Continuing with Mr. Sass: "According to the publisher, Opera News has a rate base of 100,000 with an average household income of $323,107 and a median age of 56. 88% have college degrees and 60% have a post-college degree."


Well, THAT should fill the seats! I wrote extensively for opera news all through the 1990's, I think my last article might have been in 2001. I am hated by editorial eminence greasy, Brian Kellow who even directs current writers NEVER to speak to me. I was very happy his Sue Mengers bio got bombed in the Times, bad idea (there was nothing interesting about her but a kind of agent/hooker chutzpah that worked for her briefly -- she was my twin Albert's agent for a time and we saw her in action. Italian has a word for what she had, "furbezza"; she was "furba" -- sly but stupid. Anyway, her luck ran out and she lived like a beached whale 'til her loxentod.) 

I thought Kellow's ghastly toilet books on Pauline Kael and Eileen Farrell were ludicrous, even though that asshole Frank Rich LOVED the Kael. Well, he'd been her disciple and had learned her lesson well. "Fuck the art, serve yourself!"

He did for years as the Times' phenomenally agile bandwagon hopping theater reviewer, quite the feat given his fat. He was a much better writer than the nullity they have excreting reviews there now, improbably, once a West Village Hipster avid for ... use... 

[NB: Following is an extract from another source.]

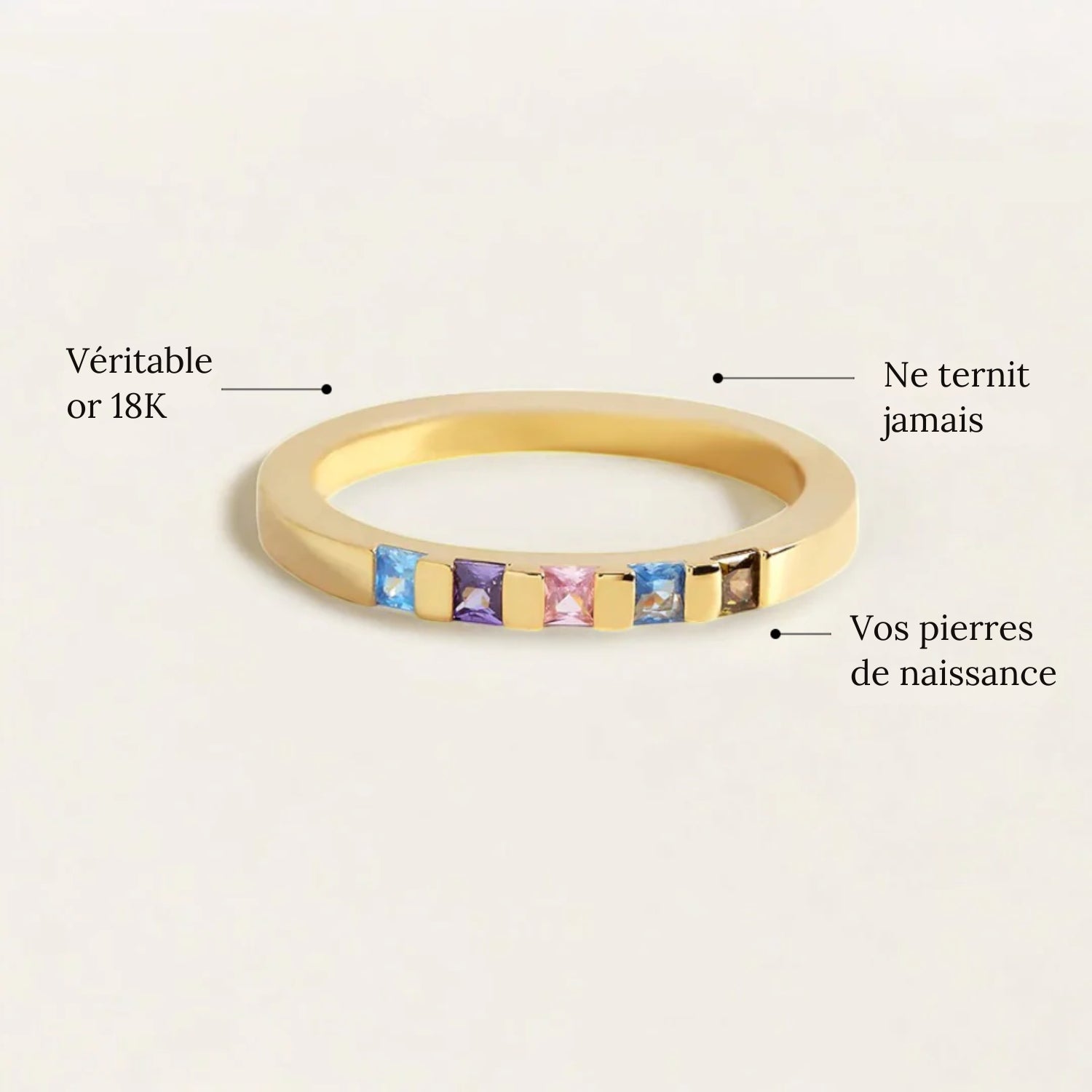 Une bague élégante et personnelle. L’anneau orné de pierres taille princesse offre une touche de couleur sophistiquée et symbolique. Idéal pour célébrer un moment spécial ou sublimer vos looks avec un charme intemporel.

Those two ladies, Kael, and Farrell were much more interesting people (Eileen especially, who had hidden depths and camouflaged complexities) than Kellow can comprehend.  It's a bottom feeder without even the talent to bottom feed and it's been a sexual trauma his whole worthless life -- although like a dogged clerk he did unravel Kael's complicated and much dissembled "real life".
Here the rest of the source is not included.